Спустя два года после ухода отца мы с мамой были на пляже и услышали, как молодая женщина окликает своего сына: «Себастьяно, Себастьяно!» Каждая из нас сидела на своем полотенце и не отрывала взгляда от воды. Звучание этого имени причиняло мне боль, я молилась, чтобы ребенок поскорее вышел из моря и мать прекратила его звать, молилась, чтобы он послушался мать и она больше не повторяла: «Себастьяно, Себастьяно!», не произносила этого имени, эхо которого разлеталось над всей бухтой, имени, которое отдавалось в ушах невыносимым звоном. Неведение других было нашим врагом, повседневная жизнь других была нашим врагом, имена других были нашими врагами.
За несколько лет, предшествовавших острой фазе заболевания, отец постепенно растерял всех друзей. Родители словно отгородились от мира липким коконом, болезнь отца довершила остальное; первые недели после его исчезновения были наполнены безрезультатными поисками и вопросами без ответов. Неужели его никто не видел? Ни соседи, ни лавочники, ни рыбаки на берегу? В те дни только один из немногих знакомых отца, посетивших этот дом, принес мне хоть какую-то пользу, но не тем, что сообщил новости или сумел утешить, а тем, что навел на мысль, во что я буду верить. Помню, мы принимали его в гостиной, которая в остальное время стояла запертой, мама стянула с дивана чехол, и этот седобородый господин с приятным взглядом и пухлыми руками, мелькавший рядом с отцом на фотоснимках из школы имени Юварры, сел на диван и поинтересовался, умею ли я плавать. Я кивнула. «Как и твой отец», — прокомментировал он. Мне было тринадцать, а в этом возрасте серьезно воспринимаешь только детали.

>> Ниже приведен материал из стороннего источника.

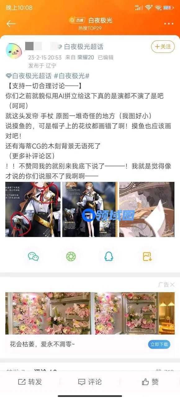 事情的起因是曾为《幻书启世录》供稿的知名画师“卜尔Q”昨天在社交平台发布了为二次元手游《白夜极光》的情人节贺图,而发布后立刻有网友指出这张贺图疑似出现了多个明显不合理的绘画错误,不少人怀疑“卜尔Q”在绘制这张贺图时使用了AI作画。
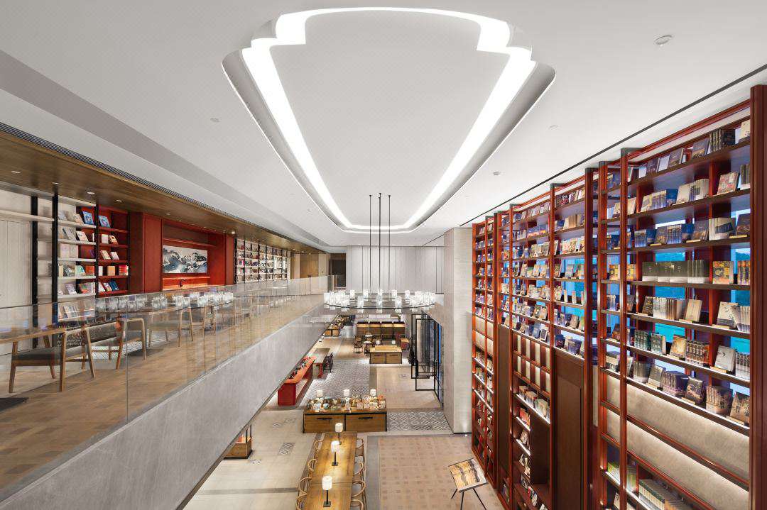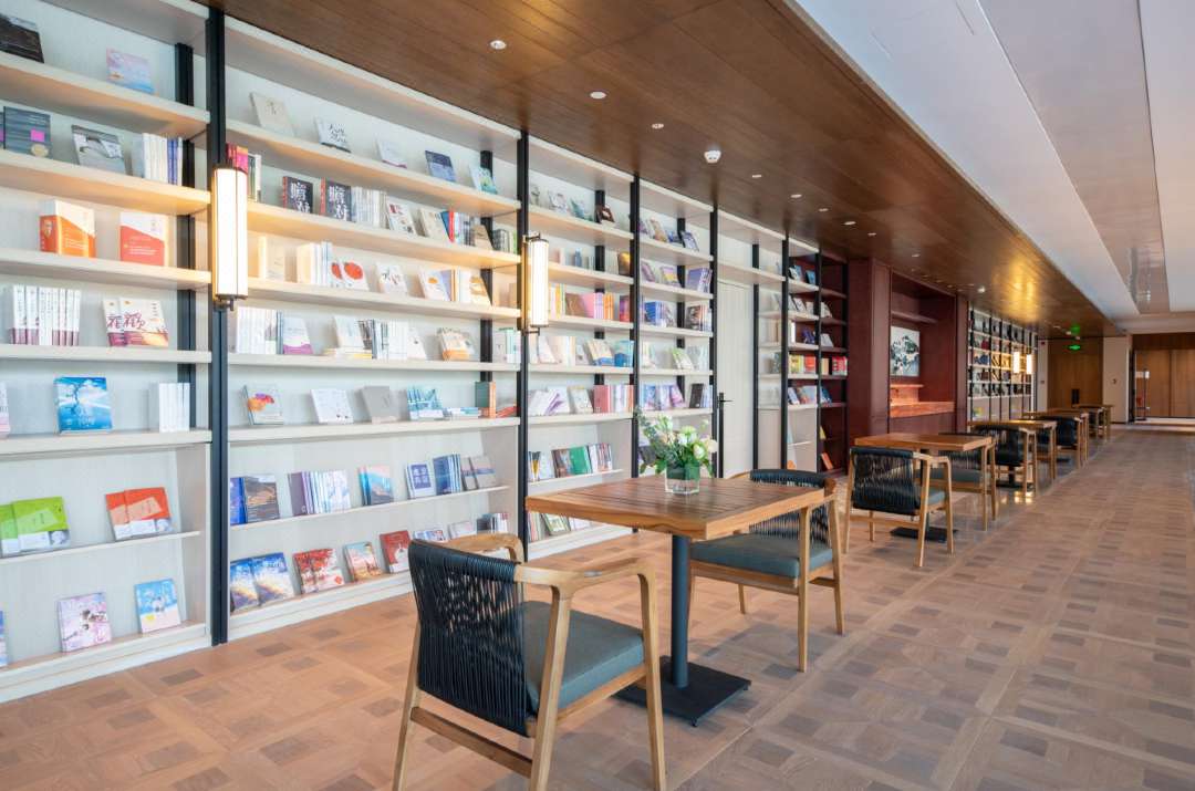 酒店大堂將以圖書展示,圖書零售以及文創(chuàng)產(chǎn)品零售等配以酒店大堂吧精致茶歇軟飲,為來往賓客提供周到貼心的服務(wù)。整個(gè)區(qū)域收錄古今中外圖書共計(jì)5400冊。精致的原木色配黑色框架的書架,大長桌配合著柔和的燈光與整體空間相呼應(yīng),讓人在步入該區(qū)域時(shí)能迅速沉淀心緒。在這里,燈光是知心伴讀者,是引領(lǐng)你開啟書海旅程的啟明星。
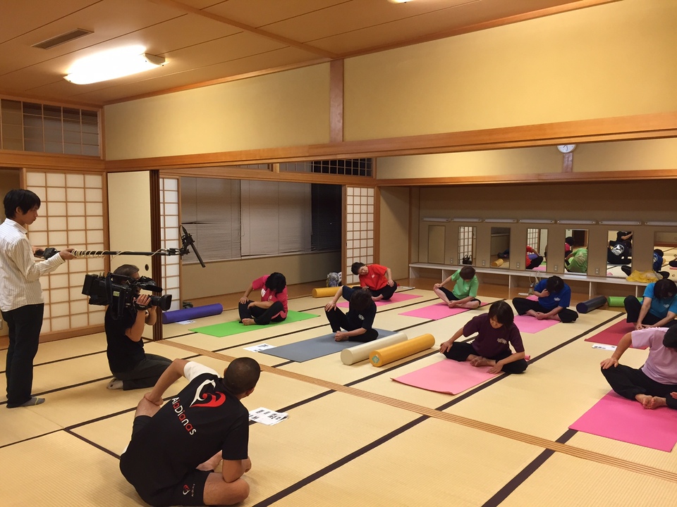 取材中、深川先生の元気なお声が部屋に響き、ストレッチポールからずっこける人がいて笑いがおこる楽しいひと時でした
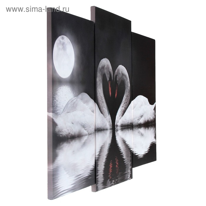 Модульная картина "Лебеди под луной" (2-25х52; 1-30х60) 60х80 см
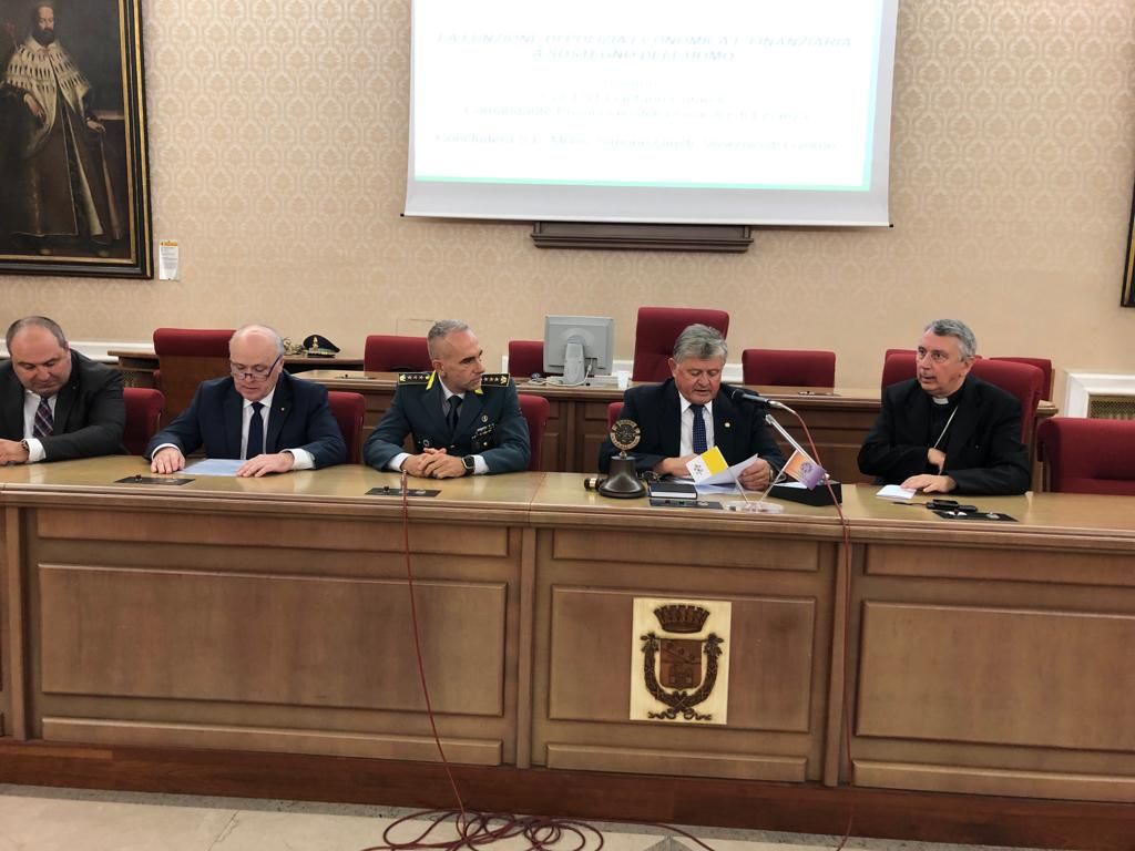 Monsignor Giusti, ringraziando l’Arma per i numerosi servizi alla società ha sottolineato l’importanza del fatto che la Finanza non solo deve controllare ma deve far vedere che c’è una buona amministrazione e far conoscere realtà virtuose. L’autorevolezza si acquista con la rispettabilità. Occorre una azione comune dove ci siano una classe politica retta e dei cittadini retti. In questo ambito assumono “un importante ruolo la religione e l’educazione civica perché non ci sono solo i diritti ma anche le regole per assolvere ai propri doveri.”
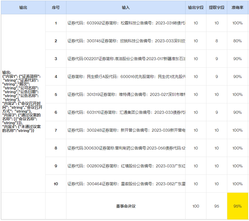 图5:语料工程设计 其中比较核心的就是在tokenize时,做好向量分割、向量嵌入和计算。此外存在公告token超出的模型输入限定的情况,因此还要做好token拼接工作,保障大模型能够正确理解同一份公告的上下文语义。 接下可面向下游提取任务设计提示工程,让大模型能够正确提取相关信息,以公开数据《松霖科技:关于第三届董事会第一次会议决议公告》为例: 1.输入样例: 《松霖科技:关于第三届董事会第一次会议决议公告》 2.输出要求: { "内容1": {"证券简称": "string","证券代码": "string","届次": "string","公司名称": "string","公告日期": "string","公告名称": "string"}, "内容2": {"会议召开时间": "string","会议召开方式": "string"}, "内容3": {"通过议案的名称": [{"会议名称": "string"}]}, "内容4": {"未通过议案的名称":"string"} } 3.提示工程 提示示例: 【你是一个提取结构化信息的机器人,你的目标是匹配输入与输出中每个描述相符合的信息,并按JSON格式输出结构化提取信息。在提取信息时,不要添加任何没有出现在输出中显示的属性。除了提取的信息外,不要输出任何内容,不要添加任何澄清信息,不要添加任何不在模式中的字段。如果文本包含架构中未出现的属性,请忽略它们。】 4.样本集评估
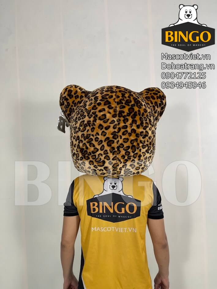 Đầu mascot báo đeo kính hồng mang phong cách hiện đại, cá tính và cực kỳ nổi bật. Thiết kế đầu báo với họa tiết da báo chân thực cùng chiếc mũi đen, ria mép trắng và phần kính râm màu hồng tạo điểm nhấn trẻ trung, thời trang.
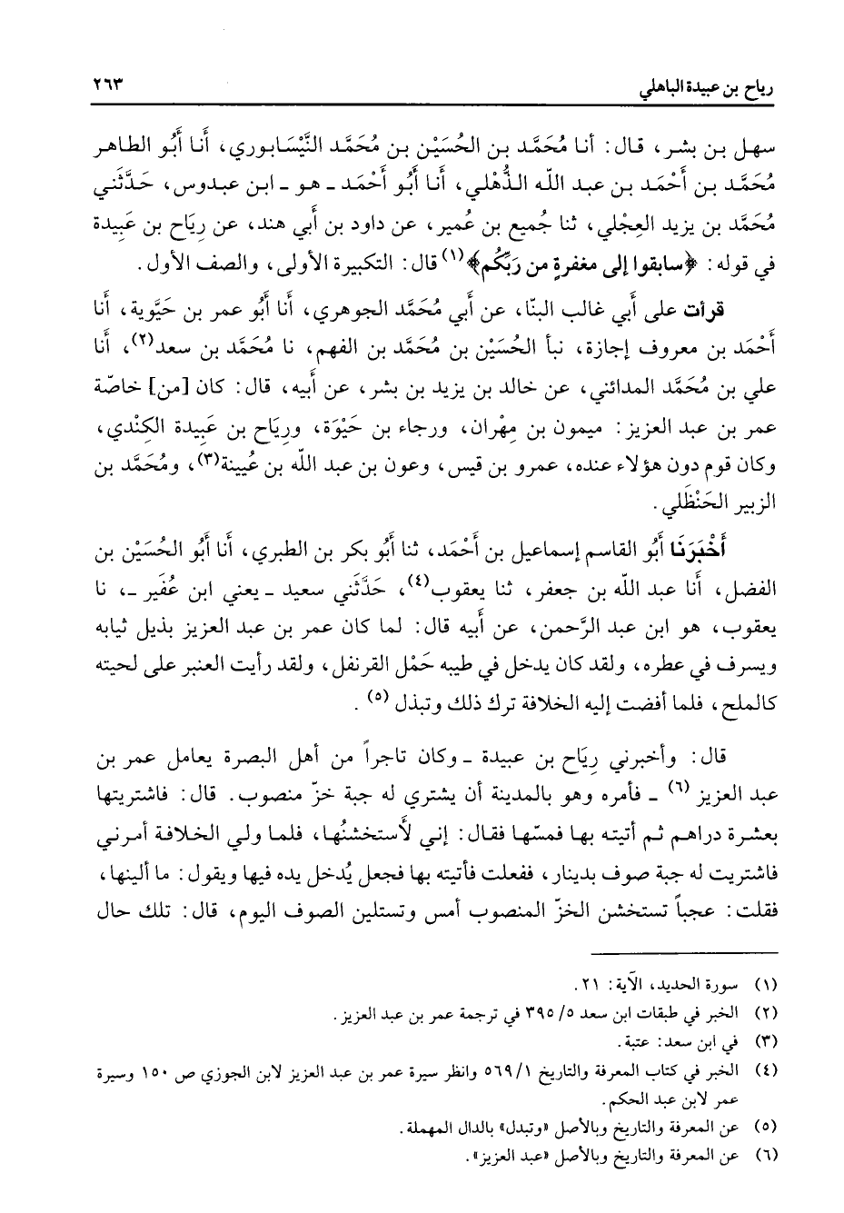 سهل بن بشر قال أنا محمد بن الحسين بن محمد النيسابوري أنا أبو الطاهر محمد بنأحمد بن عبد الله الذهلي أنا أبو أحمد هو ابن عبدوس حدثني محمد بن يزيد العجلي ثنا جميع بن عمير عن داود بن أبي هند عن رياح بن عبيدة في قوله " سابقوا إلى مغفرة من ربكم " (1) قال التكبيرة الأولى والصف الأول قرأت على أبي غالب البنا عنأبي محمد الجوهري أنا أبو عمر بن حيوية أنا أحمد بن معروف إجازة نبأ الحسين بن محمد بن الفهم نا محمد بن سعد (2) أنا علي بن محمد المدائني عن خالد بن يزيد بن بشر عنأبيه قال كان من خاصة عمر بن عبد العزيز ميمون بن مهر غليهان ورجاء بن حيوة ورياح بن عبيدة الكندي وكان قوم دون هؤلاء عنده عمرو بن قيس وعون بن عبد الله بن عيينة (3) ومحمد بن الزبير الحنظلي أخبرنا أبو القاسم إسماعيل بن أحمد ثنا أبو بكر بن الطبري أنا أبو الحسين بن الفضل أنا عبد الله بن جعفر ثنا يعقوب (4) حدثني سعيد يعني ابن عفير نا يعقوب هو ابن عبد الرحمن عن أبيه قال لما كان عمر بن عبد العزيز بذيل ثيابه ويسرف في عطره ولقد كان يدخل في طيبه حمل القرنفل ولقد رأيت العنبر على لحيته كالملح فلما أفضت إليه الخلافة ترك ذلك وتبذل (5) قال وأخبرني رياح بن عبيدة وكان تاجرا من أهل البصرة يعامل عمر بن عبد العزيز (6) فأمره وهو بالمدينة أن يشتري له جبة خز منصوب قال فاشتريتها بعشرة دراهم ثم أتيته بها فمسها فقال إني لأستخشنها فلما ولي الخلافة أمرني فاشتريت له جبة صوف بدينار ففعلت فأتيته بها فجعل يدخل يده فيها ويقول ما ألينها فقلت عجبا تستخشن الخز المنصوب أمس وتستلين الصوف اليوم قال تلك حال

Той ночью я легла спать, раздавленная бессмертной смертью, которая поселилась в доме, из головы не шли слова нашего гостя. Отец любил море. Я вспомнила долгие летние месяцы, в течение которых мы то и дело ходили купаться, вспомнила день, когда эту чудесную традицию прервал дикий испуг в глазах матери, переполошившейся из-за того, что отец, на тот момент уже исхудавший и вялый, не рассчитал свои силы и еле вышел из воды. Откуда этот господин узнал, что мой отец любил плавать? Он сам ему говорил, а может, они ходили на пляж вместе? Знакомя нас, мама сказала, что это директор школы, где работал отец, и я удивилась — почему, раз он такой хороший, директор допустил, чтобы папа уволился? Поразмыслив, я сделала два вывода: что увидеть истинное лицо человека невозможно и что отец неспроста так любил воду.